For this exercise, write out only the lines of the entries below from the one with "Identifying and Reducing" up to and including the one with "Слайд 24Мероприятия по", exactly as they are. Pictures stay out.

**Data shown**.
========================
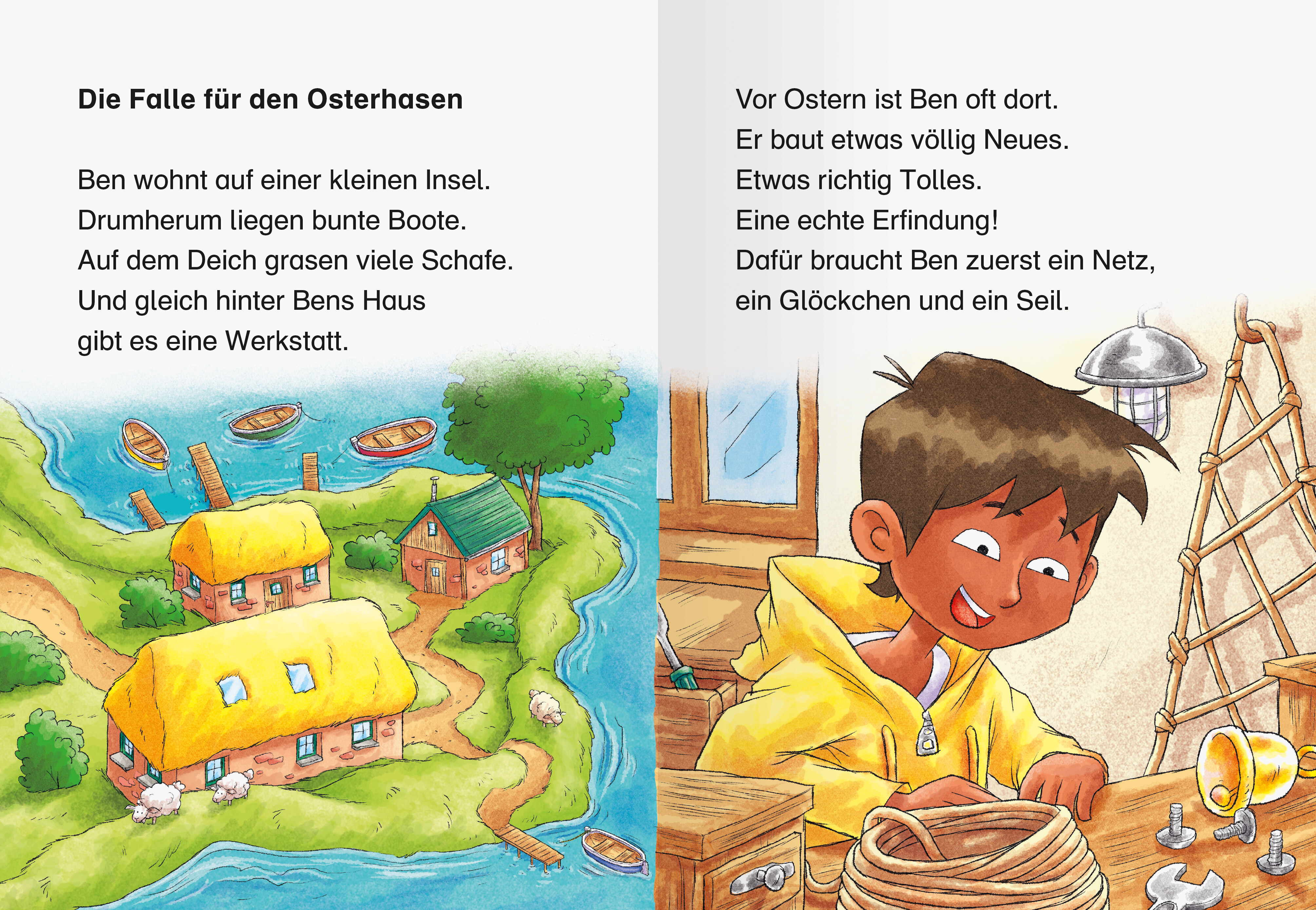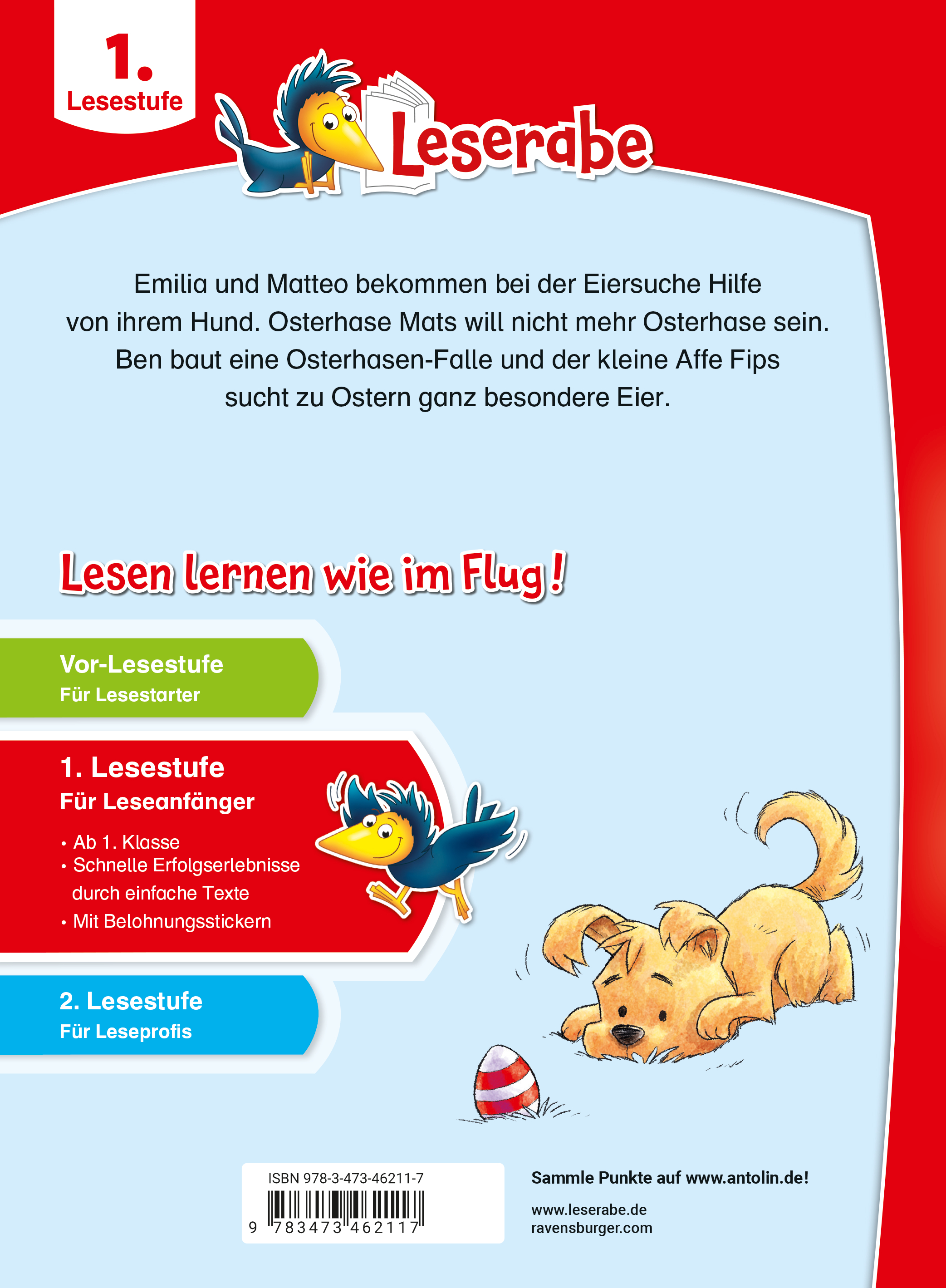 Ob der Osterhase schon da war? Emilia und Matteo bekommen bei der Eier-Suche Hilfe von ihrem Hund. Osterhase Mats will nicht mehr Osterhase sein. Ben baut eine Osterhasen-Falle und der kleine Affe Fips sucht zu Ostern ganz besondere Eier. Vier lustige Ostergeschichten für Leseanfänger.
========================
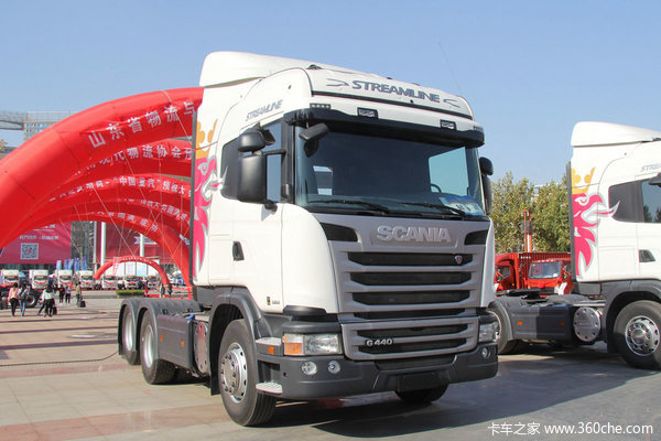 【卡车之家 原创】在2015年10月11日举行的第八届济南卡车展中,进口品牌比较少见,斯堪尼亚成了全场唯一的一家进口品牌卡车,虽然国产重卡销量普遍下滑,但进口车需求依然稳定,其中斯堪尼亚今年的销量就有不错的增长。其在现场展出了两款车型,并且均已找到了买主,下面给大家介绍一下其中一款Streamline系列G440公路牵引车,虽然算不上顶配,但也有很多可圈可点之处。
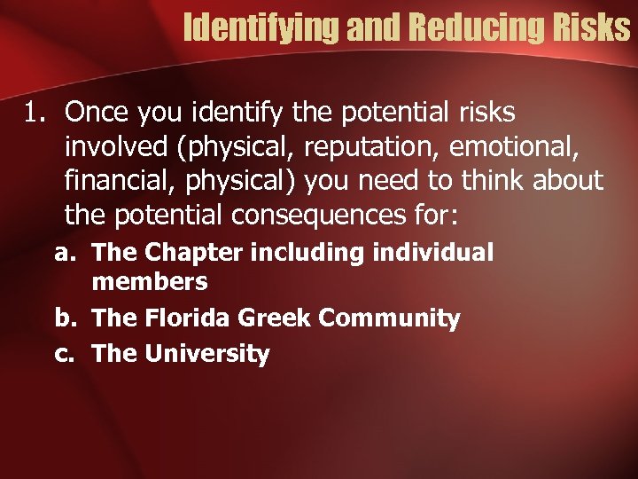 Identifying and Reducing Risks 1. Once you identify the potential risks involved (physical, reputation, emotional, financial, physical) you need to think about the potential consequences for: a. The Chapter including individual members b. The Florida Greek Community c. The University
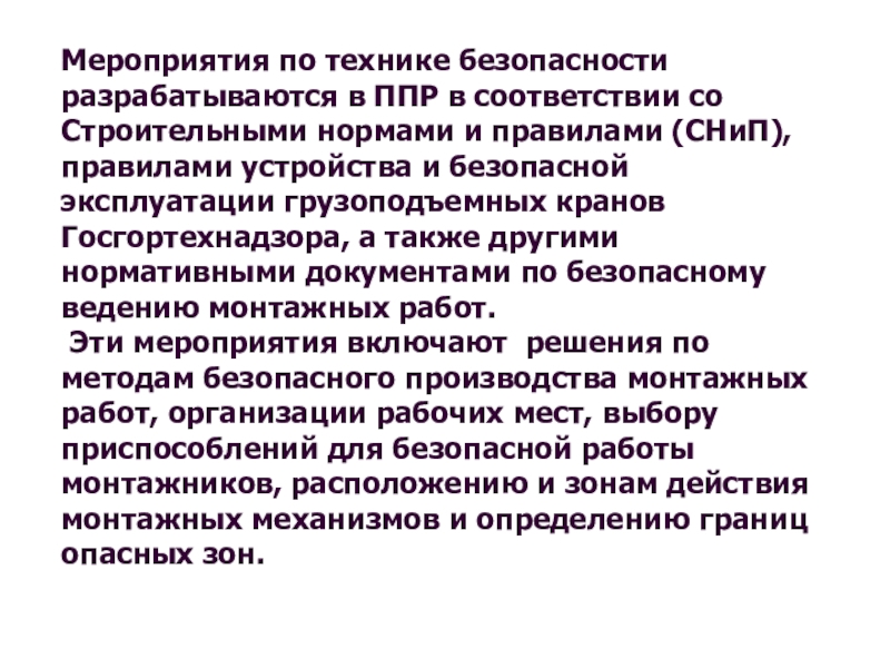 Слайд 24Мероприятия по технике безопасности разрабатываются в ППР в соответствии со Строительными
========================
**Output for this task**.
 Identifying and Reducing Risks 1. Once you identify the potential risks involved (physical, reputation, emotional, financial, physical) you need to think about the potential consequences for: a. The Chapter including individual members b. The Florida Greek Community c. The University
 Слайд 24Мероприятия по технике безопасности разрабатываются в ППР в соответствии со Строительными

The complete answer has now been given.